Ken Ukaoha, the President General of the National Association of Nigerian Traders (NANTS), an umbrella body of businesses trading across the globe, while speaking to a national daily recently, warned that we should “shine our eyes” because things might not be as they seem.

His words: “This policy can trigger high volumes of import into this country, which is good. But, of course, it can also trigger unrestricted import of substandard goods.”

Another public affairs commentator, Mr. Boniface Okezie, the President of Progressive Shareholders Association of Nigeria (PSAN), told newsmen that the currency swap deal was unnecessary since it would ensure that majority of the country’s foreign trade deals were channelled to the Chinese economy.

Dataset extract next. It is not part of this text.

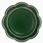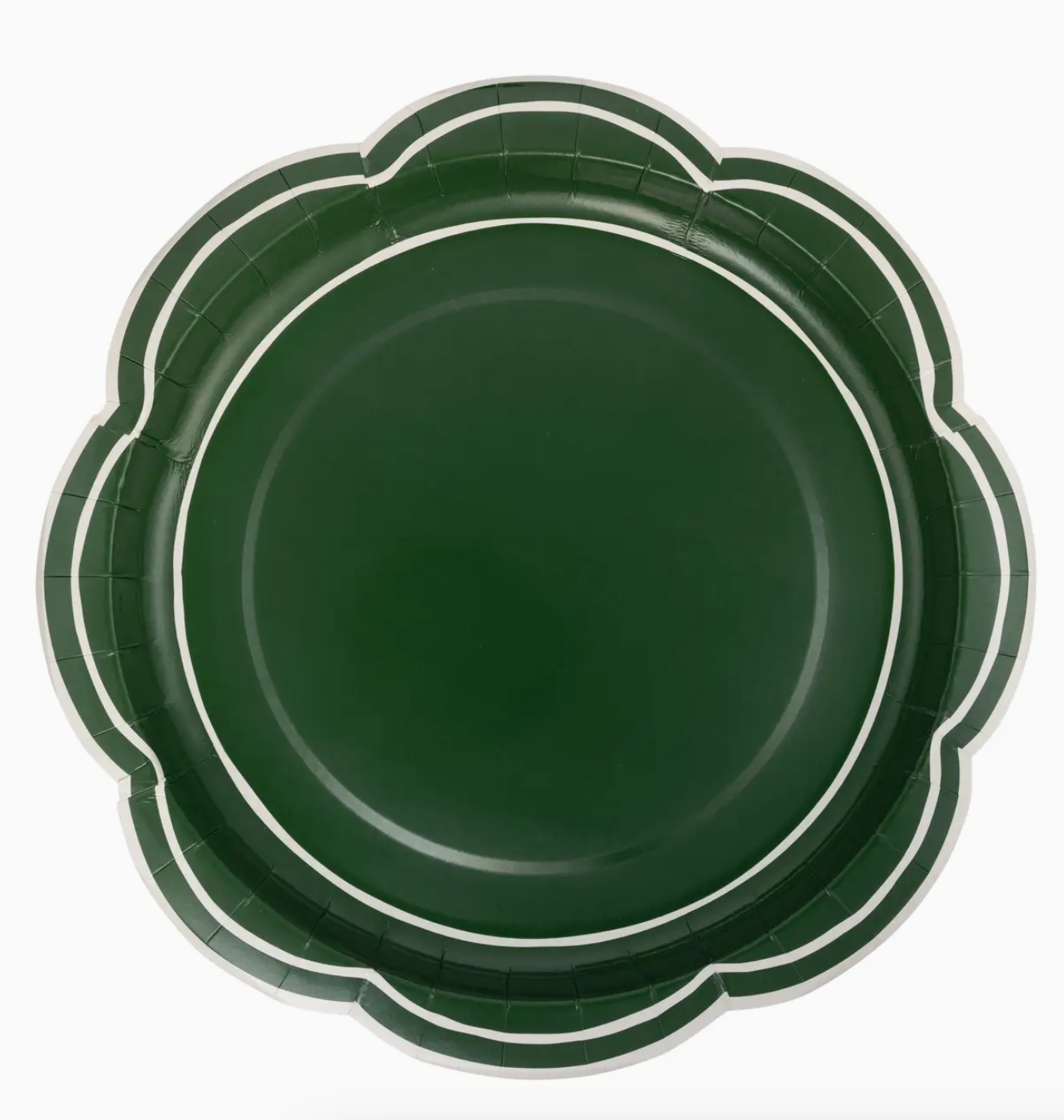 Add festive flair to your holiday table with our Green Scalloped Cream Lines Plate. Its elegant scalloped edge and subtle cream line detailing perfectly complement Christmas décor, creating a coordinated and cheerful setting for your party. • includes 8 shaped paper plates • 11 x 11 inches

“This will lead to economic dependence despite the fact that Nigeria is a sovereign nation. The policy will lead to the influx of Chinese goods into our country considering that we are contending with weak regulation,” he said.

Okezie’s position echoes the recent warning by the US government that Nigeria and other African countries should be wary of Chinese deals. According to its immediate past Secretary of State, Rex Tillerson, China “encouraged dependency, utilised corrupt deals and endangered Africa’s natural resources.”

He added: “We are not in any way attempting to keep Chinese ‘dollars’ from Africa,” he said, “(but) it is important that African countries carefully consider the terms of those agreements and not forfeit their sovereignty.”

Last Thursday, CBN, in a circular by its Director, Financial Markets Department, Dr. Alvan Ikoku, announced plans to start bi-weekly auctions of the Chinese yuan, which is a maximum of 15 billion Renminbi or N720 billion with a three-year tenor.

Four banks, First Bank of Nigeria Limited, Stanbic IBTC, Standard Chartered Bank (SCB) and Zenith Bank Plc were earlier appointed as the settlement banks for the deal. And for any authorised bank to access the bi-weekly auction of the Chinese currency, such dealers “shall open Renminbi accounts with a correspondent bank and furnish CBN with its Renminbi account details, which may either be with a bank on-shore or offshore China.”

It also directed importers intending to import from China to obtain proforma invoices denominated in Renminbi as part of the documents required for the registration of ‘Form M’.